DATASET:
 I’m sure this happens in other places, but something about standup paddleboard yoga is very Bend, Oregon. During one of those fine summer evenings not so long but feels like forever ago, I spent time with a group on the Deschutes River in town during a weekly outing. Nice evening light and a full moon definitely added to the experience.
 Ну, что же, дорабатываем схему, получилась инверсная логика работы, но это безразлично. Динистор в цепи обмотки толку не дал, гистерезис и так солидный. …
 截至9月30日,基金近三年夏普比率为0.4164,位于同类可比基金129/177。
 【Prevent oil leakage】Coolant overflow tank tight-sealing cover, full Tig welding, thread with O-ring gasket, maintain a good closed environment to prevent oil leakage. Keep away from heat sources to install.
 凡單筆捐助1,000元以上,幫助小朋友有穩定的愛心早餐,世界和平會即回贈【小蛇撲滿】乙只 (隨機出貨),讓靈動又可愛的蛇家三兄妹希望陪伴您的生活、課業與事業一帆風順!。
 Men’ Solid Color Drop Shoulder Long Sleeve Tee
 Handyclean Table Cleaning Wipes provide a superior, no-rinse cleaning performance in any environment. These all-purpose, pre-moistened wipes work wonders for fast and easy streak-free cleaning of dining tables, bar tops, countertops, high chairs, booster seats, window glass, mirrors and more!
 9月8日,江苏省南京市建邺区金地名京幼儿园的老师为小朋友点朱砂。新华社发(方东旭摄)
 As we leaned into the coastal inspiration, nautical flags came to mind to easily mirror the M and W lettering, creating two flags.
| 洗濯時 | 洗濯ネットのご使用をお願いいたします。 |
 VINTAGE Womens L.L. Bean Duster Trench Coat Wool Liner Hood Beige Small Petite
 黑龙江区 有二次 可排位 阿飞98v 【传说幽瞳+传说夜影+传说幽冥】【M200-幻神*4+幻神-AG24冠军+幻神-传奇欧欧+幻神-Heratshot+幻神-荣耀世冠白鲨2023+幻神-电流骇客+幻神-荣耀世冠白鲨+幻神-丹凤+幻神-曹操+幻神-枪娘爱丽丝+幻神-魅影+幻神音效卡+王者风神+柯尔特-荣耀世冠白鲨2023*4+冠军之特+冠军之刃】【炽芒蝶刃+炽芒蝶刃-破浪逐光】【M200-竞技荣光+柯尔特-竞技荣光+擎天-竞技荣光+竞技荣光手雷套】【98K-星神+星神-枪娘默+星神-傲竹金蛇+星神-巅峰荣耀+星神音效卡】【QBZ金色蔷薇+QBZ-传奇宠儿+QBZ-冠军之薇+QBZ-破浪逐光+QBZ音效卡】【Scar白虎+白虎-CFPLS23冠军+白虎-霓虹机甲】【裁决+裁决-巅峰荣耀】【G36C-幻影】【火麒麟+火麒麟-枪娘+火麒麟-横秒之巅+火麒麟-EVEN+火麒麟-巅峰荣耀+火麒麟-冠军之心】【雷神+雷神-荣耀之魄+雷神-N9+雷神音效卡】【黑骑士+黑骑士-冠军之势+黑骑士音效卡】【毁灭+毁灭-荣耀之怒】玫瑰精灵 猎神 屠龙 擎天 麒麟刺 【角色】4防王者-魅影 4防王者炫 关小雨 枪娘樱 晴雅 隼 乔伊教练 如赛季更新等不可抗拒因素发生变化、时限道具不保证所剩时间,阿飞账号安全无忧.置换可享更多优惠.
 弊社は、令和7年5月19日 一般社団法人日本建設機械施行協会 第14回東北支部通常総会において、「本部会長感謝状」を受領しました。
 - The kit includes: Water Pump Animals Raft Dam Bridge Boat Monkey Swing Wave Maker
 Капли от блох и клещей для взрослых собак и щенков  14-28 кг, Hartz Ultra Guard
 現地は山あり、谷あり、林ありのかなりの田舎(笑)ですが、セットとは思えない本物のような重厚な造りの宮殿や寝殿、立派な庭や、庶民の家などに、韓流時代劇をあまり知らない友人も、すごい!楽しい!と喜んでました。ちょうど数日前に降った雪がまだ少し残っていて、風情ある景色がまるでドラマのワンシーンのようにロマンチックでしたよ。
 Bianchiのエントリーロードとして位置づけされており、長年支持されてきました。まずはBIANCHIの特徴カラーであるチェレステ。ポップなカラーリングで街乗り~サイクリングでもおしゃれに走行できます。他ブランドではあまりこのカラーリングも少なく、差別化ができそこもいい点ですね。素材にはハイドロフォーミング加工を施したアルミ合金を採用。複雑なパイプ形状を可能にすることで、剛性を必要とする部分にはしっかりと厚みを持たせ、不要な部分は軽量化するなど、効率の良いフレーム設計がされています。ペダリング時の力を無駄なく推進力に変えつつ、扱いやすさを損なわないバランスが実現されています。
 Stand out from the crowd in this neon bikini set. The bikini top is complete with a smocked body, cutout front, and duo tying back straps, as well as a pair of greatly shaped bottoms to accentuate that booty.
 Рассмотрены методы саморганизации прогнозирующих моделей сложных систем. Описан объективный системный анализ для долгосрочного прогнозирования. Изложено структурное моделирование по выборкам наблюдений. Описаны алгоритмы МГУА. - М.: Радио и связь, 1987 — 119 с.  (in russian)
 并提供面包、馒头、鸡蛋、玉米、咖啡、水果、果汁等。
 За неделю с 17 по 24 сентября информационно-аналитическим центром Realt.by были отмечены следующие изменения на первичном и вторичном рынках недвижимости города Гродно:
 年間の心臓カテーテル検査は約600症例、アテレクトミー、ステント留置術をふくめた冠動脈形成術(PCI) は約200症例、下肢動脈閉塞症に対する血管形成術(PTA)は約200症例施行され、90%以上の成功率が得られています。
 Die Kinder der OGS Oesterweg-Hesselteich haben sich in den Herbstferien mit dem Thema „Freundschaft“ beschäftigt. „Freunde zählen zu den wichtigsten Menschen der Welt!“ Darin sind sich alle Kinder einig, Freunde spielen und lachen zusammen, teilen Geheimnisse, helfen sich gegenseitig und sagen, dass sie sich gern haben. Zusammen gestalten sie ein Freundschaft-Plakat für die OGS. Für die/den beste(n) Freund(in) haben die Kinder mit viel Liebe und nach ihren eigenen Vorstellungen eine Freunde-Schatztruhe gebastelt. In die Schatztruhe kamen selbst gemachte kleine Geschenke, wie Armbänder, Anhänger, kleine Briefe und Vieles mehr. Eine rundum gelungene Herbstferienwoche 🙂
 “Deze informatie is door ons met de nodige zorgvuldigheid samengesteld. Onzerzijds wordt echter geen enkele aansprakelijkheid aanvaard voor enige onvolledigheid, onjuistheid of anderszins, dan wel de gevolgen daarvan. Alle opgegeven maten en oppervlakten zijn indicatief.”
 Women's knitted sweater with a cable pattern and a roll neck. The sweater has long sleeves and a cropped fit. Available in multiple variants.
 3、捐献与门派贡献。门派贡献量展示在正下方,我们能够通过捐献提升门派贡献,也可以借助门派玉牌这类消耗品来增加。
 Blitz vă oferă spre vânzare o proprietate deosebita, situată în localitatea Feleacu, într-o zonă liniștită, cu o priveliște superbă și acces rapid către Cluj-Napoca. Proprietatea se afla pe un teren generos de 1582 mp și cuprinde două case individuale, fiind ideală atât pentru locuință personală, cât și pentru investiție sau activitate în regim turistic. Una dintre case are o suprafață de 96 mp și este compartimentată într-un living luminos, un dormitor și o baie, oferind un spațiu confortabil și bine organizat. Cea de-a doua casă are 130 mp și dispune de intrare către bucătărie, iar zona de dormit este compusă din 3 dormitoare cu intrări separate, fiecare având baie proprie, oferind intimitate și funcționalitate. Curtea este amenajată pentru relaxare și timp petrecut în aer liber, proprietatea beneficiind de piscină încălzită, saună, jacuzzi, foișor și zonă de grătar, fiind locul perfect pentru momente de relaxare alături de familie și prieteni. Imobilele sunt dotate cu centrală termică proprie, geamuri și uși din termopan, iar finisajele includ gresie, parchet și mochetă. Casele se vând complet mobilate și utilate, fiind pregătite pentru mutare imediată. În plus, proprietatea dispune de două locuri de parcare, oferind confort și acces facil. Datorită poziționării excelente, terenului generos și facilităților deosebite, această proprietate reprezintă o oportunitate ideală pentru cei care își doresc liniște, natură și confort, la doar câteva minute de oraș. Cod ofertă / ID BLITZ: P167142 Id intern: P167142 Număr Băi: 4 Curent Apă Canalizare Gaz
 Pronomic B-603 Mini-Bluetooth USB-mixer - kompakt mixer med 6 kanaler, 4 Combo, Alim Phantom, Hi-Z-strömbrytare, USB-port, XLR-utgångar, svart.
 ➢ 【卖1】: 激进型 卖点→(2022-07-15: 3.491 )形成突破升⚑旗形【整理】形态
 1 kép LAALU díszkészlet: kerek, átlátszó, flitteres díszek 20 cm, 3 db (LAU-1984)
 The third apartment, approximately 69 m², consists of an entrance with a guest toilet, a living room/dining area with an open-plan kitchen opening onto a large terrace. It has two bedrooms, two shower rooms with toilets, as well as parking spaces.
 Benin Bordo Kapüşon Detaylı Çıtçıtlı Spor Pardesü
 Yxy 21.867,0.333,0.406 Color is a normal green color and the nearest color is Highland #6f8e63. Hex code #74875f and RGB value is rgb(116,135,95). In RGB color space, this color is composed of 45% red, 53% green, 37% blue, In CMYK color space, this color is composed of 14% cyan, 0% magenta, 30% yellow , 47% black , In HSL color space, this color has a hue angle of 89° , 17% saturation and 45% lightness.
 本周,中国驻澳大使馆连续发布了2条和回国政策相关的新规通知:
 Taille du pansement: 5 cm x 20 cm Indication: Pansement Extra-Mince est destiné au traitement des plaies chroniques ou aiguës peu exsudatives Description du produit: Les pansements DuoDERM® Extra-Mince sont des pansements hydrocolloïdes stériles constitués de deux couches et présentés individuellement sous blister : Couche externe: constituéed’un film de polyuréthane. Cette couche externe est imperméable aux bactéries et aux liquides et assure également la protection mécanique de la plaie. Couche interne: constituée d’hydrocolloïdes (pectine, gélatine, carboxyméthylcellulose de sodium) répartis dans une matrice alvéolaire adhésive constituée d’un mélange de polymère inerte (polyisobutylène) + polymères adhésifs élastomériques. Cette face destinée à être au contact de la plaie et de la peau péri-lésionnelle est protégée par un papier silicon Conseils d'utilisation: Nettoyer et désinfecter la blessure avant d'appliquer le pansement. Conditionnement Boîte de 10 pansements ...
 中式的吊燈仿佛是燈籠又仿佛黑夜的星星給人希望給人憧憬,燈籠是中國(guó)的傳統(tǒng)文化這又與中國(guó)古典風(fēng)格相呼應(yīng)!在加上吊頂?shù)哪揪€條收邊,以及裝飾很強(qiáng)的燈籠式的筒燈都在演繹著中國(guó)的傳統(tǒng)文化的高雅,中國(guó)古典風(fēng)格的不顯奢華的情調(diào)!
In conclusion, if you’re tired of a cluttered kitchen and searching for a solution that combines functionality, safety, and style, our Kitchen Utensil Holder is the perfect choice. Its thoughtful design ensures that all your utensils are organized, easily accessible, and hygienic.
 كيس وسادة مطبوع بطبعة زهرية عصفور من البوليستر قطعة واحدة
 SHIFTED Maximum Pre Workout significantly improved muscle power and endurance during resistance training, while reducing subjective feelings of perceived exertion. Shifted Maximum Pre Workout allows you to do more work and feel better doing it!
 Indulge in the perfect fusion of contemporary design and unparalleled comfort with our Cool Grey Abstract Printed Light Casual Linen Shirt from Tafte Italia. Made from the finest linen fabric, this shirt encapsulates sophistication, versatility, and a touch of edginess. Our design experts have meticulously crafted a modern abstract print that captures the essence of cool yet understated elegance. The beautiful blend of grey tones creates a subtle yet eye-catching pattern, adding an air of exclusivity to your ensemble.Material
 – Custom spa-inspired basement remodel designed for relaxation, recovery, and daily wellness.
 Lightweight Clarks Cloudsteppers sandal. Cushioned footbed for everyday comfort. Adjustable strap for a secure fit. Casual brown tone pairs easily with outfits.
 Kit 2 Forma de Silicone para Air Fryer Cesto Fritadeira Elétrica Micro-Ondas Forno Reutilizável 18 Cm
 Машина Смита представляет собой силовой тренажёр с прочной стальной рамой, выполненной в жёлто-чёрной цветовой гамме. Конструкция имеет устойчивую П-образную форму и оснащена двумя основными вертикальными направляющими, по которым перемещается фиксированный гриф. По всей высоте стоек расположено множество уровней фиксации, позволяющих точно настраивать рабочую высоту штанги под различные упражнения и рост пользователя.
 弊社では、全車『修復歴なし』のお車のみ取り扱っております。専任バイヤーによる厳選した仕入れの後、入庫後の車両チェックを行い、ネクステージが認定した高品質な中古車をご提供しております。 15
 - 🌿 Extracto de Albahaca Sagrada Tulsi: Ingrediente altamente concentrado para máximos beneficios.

WHAT TO PRODUCE:
Show the lines from the data above that contain the string "work".

TASK SOLUTION:
 Handyclean Table Cleaning Wipes provide a superior, no-rinse cleaning performance in any environment. These all-purpose, pre-moistened wipes work wonders for fast and easy streak-free cleaning of dining tables, bar tops, countertops, high chairs, booster seats, window glass, mirrors and more!
 SHIFTED Maximum Pre Workout significantly improved muscle power and endurance during resistance training, while reducing subjective feelings of perceived exertion. Shifted Maximum Pre Workout allows you to do more work and feel better doing it!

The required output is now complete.